Some bugs surface only sometimes. The goal is NOT a clean repro - the goal is to raise the reproduction rate to debuggable.

- **Measure baseline rate**: run the loop N=20 times. Note pass/fail count. Record the rate so you can tell whether later changes helped.
- **Raise stressors**: add concurrency, contention, memory pressure, network jitter (use `tc qdisc add dev lo root netem delay 100ms 50ms` on Linux, `Network Link Conditioner` on macOS). Re-measure.
- **Target the suspect axis**: if you suspect a race, add a deterministic sleep at the suspect point and measure. If reproduction jumps to 100% with sleep, the race is in that region.
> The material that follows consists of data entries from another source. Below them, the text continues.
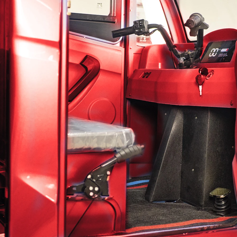 Представляем вашему вниманию Rutrike КАРГО Кабина 1500 в ярком красном цвете. Этот грузовой электротрицикл оснащён закрытым кузовом, что позволяет работать в любых погодных условиях, обеспечивая комфорт и защиту водителя. Просторный грузовой отсек размером 1500×1050×330 мм позволяет перевозить до 600 кг груза. Мощный мотор 1000 Ватт обеспечивает пробег до 40 км на одном заряде, а максимальная скорость достигает 25 км/ч. Мотоциклетный руль обеспечивает удобное управление, а задний барабанный тормоз гарантирует надежную остановку. Идеальный выбор для эффективной доставки в городе.
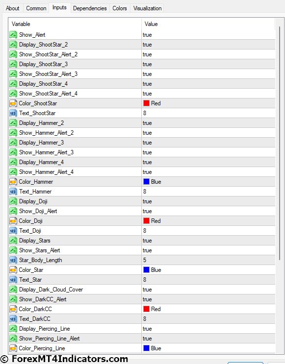 Sample Recognition Grasp MT4 Indicator Settings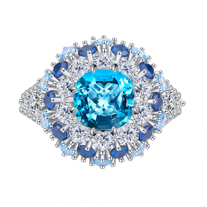 Sapphire & Blue Topaz & White Topaz Ring - خاتم الياقوت الازرق و التوباز الازرق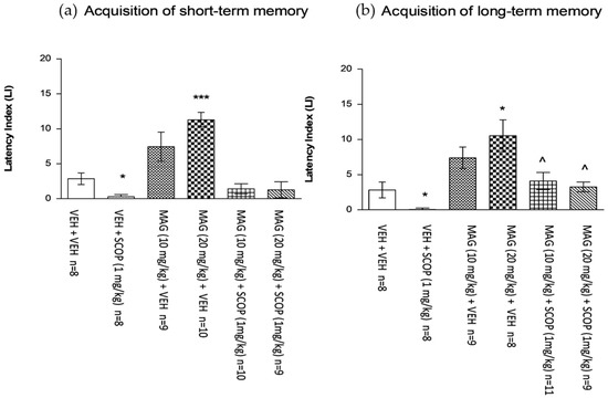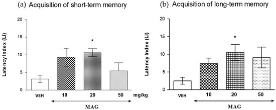 Indeed, treatment with magnoflorine at the dose of 20 mg/kg significantly increased LI values in the PA test in mice compared with those in the vehicle-treated control group (p < 0.05, a post-hoc Tukey’s test—for short-term memory acquisition (Figure 6a) and for long-term memory acquisition (Figure 6b), indicating that magnoflorine at this used dose, improves the short-term as well as long-term acquisition of memory and learning.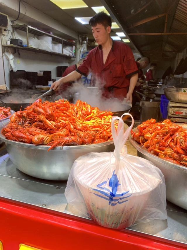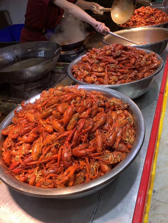 亮亮这场面看起来还是比较震撼的,这厨师也太狠了吧。满满的一锅啊,还在活蹦乱跳的小龙虾。这就从侧面看出来,店家的生意是多么的火爆。

If it stays at baseline, the race is elsewhere.
- **A 30% reproduction rate is debuggable.** A 5% rate isn't - keep raising stressors until you cross 30%. At 30% you can iterate; at 5% you're guessing whether your fix helped or you got lucky.

## When the loop is good enough

The loop is good enough when:

- It runs in under a minute (preferably under 10 seconds).
- It's deterministic (or, for non-determinism, reproduces at least 30% of the time).
- It's automatable - no human in the inner loop except by explicit choice (Path 10).
- A fresh agent could pick up the loop and run it without context.

Only after the loop is good enough should you proceed to hypothesizing the fix. The hypothesis cycle is governed by `./debugger-philosophy.md` (one variable at a time, do not stop at first plausible cause, the bug is where you didn't look).

## Cross-references

- `./debugger-philosophy.md` - companion framing; the hypothesis-cycle discipline that runs in Phase 2 once the loop is in place.
- `../skills/debug/SKILL.md` - Phase 1 of the debug skill mandates this catalog before any hypothesis generation.
- `../NOTICE` - full mattpocock/skills MIT attribution.